JAKARTA – Badan Metrologi Klimatologi dan Geofisika (BMKG) telah mendeteksi munculnya fenomena La Nina meskipun masih lemah pada akhir Agustus 2016. Diprediksi La Nina bertahan hingga awal 2017. Bersamaan dengan La Nina terjadi fenomena Dipole Mode negatif sejak Mei 2016, yang diprediksi bertahan hingga November 2016, dan kondisi anomali Suhu Muka Laut yang hangat disekitar perairan Indonesia. Kondisi demikian akan menyebabkan tingginya curah hujan di Sumatera dan Jawa bagian Barat.
Kepala Pusat Data Informasi dan Humas Badan Nasional Penanggulangan Bencana (BNPB) Sutopo Purwo Nugroho menginformasikan, BMKG juga memperkirakan musim “kemarau basah” akan berlangsung sampai dengan September di sebagian besar wilayah Indonesia. Pulau Jawa, Sulawesi bagian timur, Papua bagian tengah dan Kalimantan serta Sumatera bagian selatan diprediksi akan mengelamai kenaikan curah hujan hingga 200 persen.

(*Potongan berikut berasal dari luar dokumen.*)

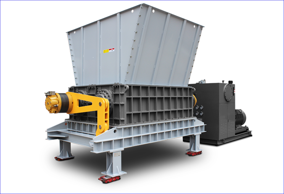與上述雙軸破碎機(jī)不同的是,MSB-HS系列大功率破碎機(jī)作為液壓驅(qū)動(dòng)的低速大扭矩雙軸剪切設(shè)備,動(dòng)刀高密度排布,主軸配合定刀系統(tǒng)可進(jìn)行雙向剪切,大幅提升剪切效率和刀具利用率。在硬件配置方面,大功率破碎機(jī)輔以先進(jìn)的密封系統(tǒng)防止物料從箱體漏出,保證軸承使用壽命。箱體模塊化設(shè)計(jì),配備獨(dú)立側(cè)板及軸承座,方便維護(hù)。也正基于此,大功率破碎機(jī)還可將危廢物品一次剪切至較小尺寸,適合后續(xù)處理。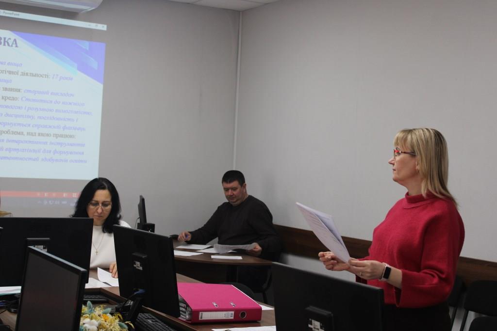 Розпочала засідання голова атестаційної комісії, директор коледжу Олена ЛИТОВЧЕНКО, яка звернула увагу присутніх на основні критерії щодо підтвердження або встановлення кваліфікаційної категорії «спеціаліст вищої категорії» та педагогічних звань. Також підкреслила, що метою атестації педагогічних працівників є, перш за все, стимулювання цілеспрямованого і безперервного підвищення рівня їх професійної компетентності, розвитку творчої ініціативи, забезпечення ефективності освітнього процесу.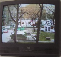 “Echolalia” (2003) offers television-screen captures of politicians and pundits saying the words weapons of mass destruction (with some variant versions like biological weapons), thereby revealing the power of the repetition to create fear. Although W, who talks to God when he makes his decisions, was the star of this one, he was not alone. Even the liberal Sen. Joseph Biden made an appearance (since he’s a regular on the TV news talk shows). The name of the film is of course a term straight out of the fundamentalist, Bible-thumping culture of speaking in tongues. We’re witnesses here to a national, media-generated self-delusion.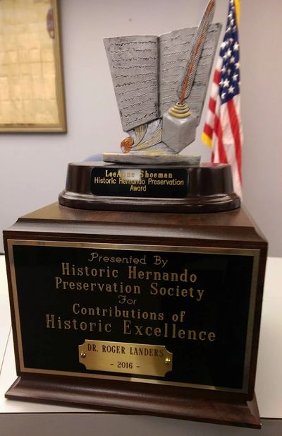 The Lee Anne Shoeman Preservation Award is presented by the Historic Hernando Preservation Society annually to a person who as contributed to understanding of the historic significance of Hernando County, or furthering historic education in Hernando County. It is named in honor of local historian LeeAnne Shoeman and serves as a beacon of hope that the work of Ms. Shoeman will carry on with those of us who love history and wish to continue the memory of a beloved historian, writer and educator. The award is displayed in Brooksville City Hall.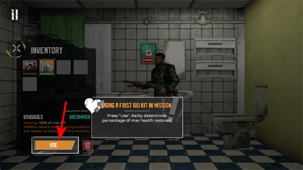 2、使用急救包时,点击USE按钮,其稀有度决定恢复的最大生命值百分比,合理使用可有效提升角色续航能力。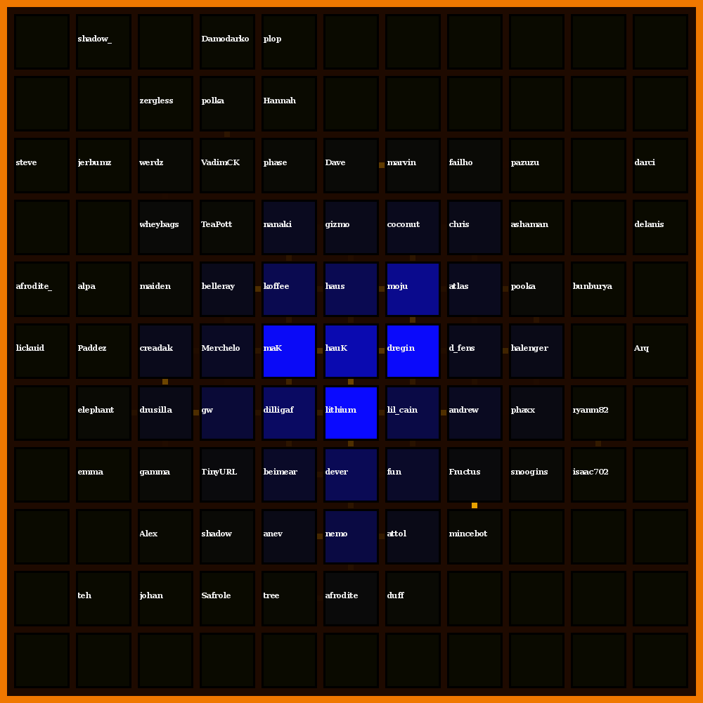 | 38 | |                                                 | | | | | birthday, isaac's, ends, xd, downtime | | regs, agms, lowly, jimmy, worms, cuold, paddawg | | warzone, gallery, pledges, villager, sickener | | byedever, crucible, plotting |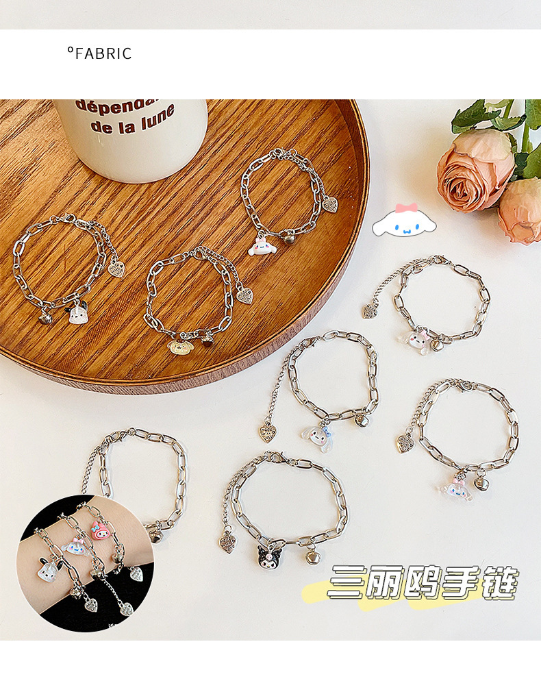 Sanrio Bracelet Female Wholesale Cartoon Couple Adjustable Bracelet Bell Cute Dog Gift Student Girlfriends 中文版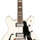 Starfire V is one of five currently active six-string Starfire models (II, III, IV, and VI are also in production). It offers a semi-hollow body, set-neck construction, Guild/Grover hardware, and Guild electronics. White, Cherry Red, Black, and Emerald options make up the color palette. Main construction features include a laminated mahogany body (arched back, sides, arched top), mahogany/maple neck (3-piece neck, U profile), and 22-fret Indian rosewood fingerboard.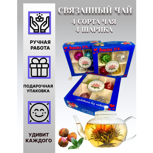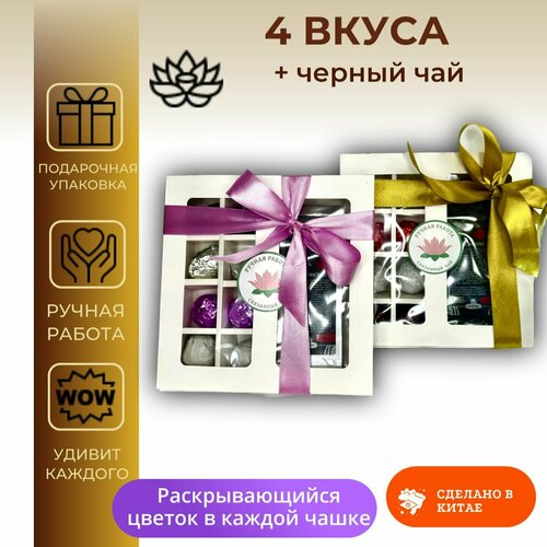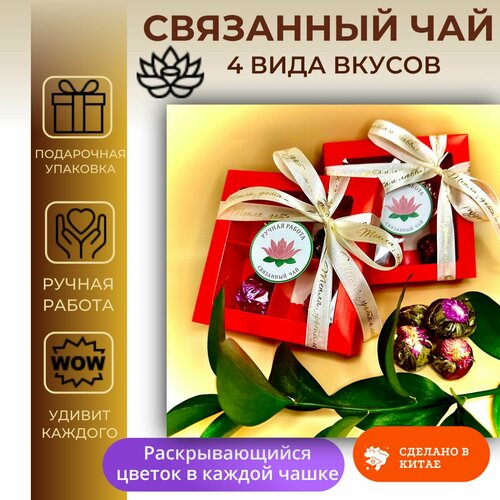 Чай подарочный связанный зеленый, распускающийся цветок, 4 шт. разных вкусов .
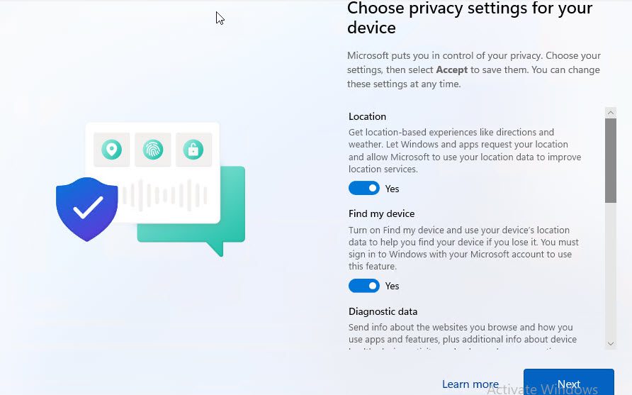 - Then select which authorizations and data you want to grant Microsoft and click Yes or No and Accept in the following windows.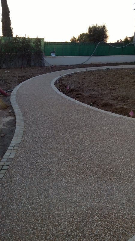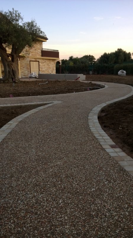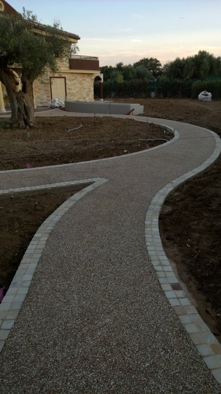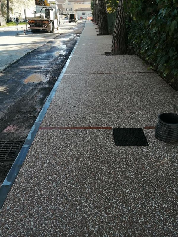 Realizzazione di marciapiede comunale presso Gubbio (PG) con calcestruzzo lavato, inerte locale 7-12mm e cemento di colo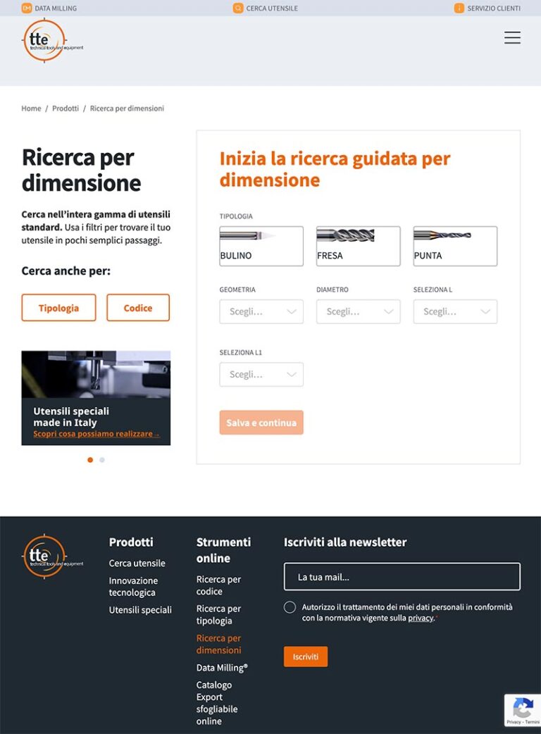 Uno degli elementi chiave del progetto è la sezione dedicata alla ricerca prodotti, sviluppata su misura per le esigenze di TTE: uno strumento avanzato, integrato con software gestionali realizzati ad hoc, che permette di filtrare e individuare facilmente articoli specifici all’interno di un catalogo ampio e articolato, offrendo dati sempre aggiornati e precisi.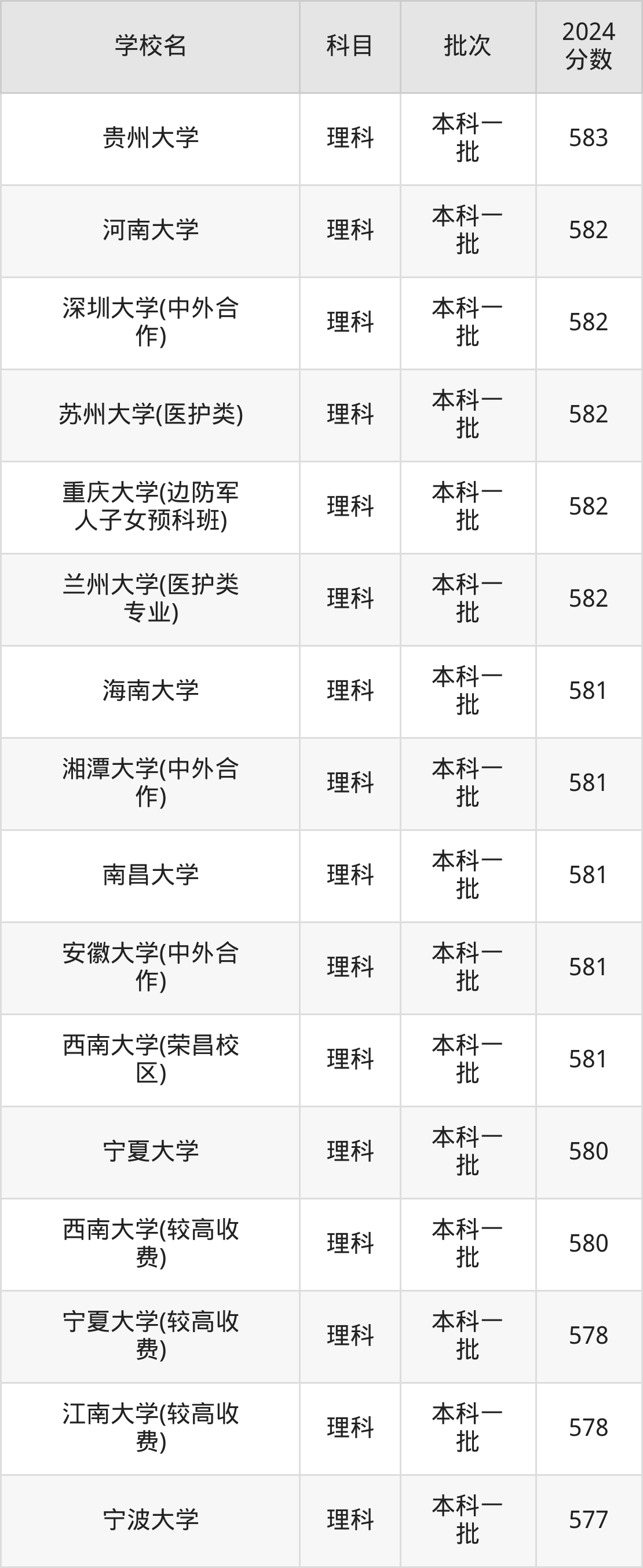 1、宁夏大学(2024年理科580分)

“Kombinasi antara La Nina, Dipole Mode dan anomali suhu muka air laut yang hangat telah memberikan dampak signifikan meningkatnya bencana di Indonesia saat ini,” kata Sutopo, Jumat (2/9).
Dia menambahkan, pada periode ini dari Januari sampai awal September ini, terdapat 1.495 kejadian bencana di Indonesia yang menyebabkan 257 orang meninggal dunia, 2,86 juta orang menderita dan mengungsi, dan ribuan rumah rusak. Lebih dari 95 persen dari bencana tersebut adalah bencana hidrometeorologi yang dipengaruhi oleh cuaca.
“Longsor adalah jenis bencana yang paling mematikan saat ini. Hingga 1/9/2016 terdapat 323 kejadian longsor yang menyebabkan 126 orang meninggal dan 18.655 jiwa menderita dan mengungsi. Sedangkan banjir terdapat 535 kejadian dengan dampak 70 orang meninggal dan 1,94 juta jiwa menderita dan mengungsi akibat banjir,” tambahnya.
Masyarakat diminta untuk terus meningkatkan kesiapsiagaan dan kewaspadaannya dari ancaman banjir dan longsor terkait adanya peningkatan curah hujan. BMKG melaporkan prakiraan awal musim hujan 2016 – 2017 di sebagian besar wilayah Indonesia akan terjadi pada Agustus – November 2016 (92,7 persen), dengan sifat hujan pada periode musim hujan 2016/2017 secara umum diprakirakan 51 persen NORMAL, 48 persen di ATAS NORMAL dan hanya 1 persen di BAWAH NORMAL. (feb/*)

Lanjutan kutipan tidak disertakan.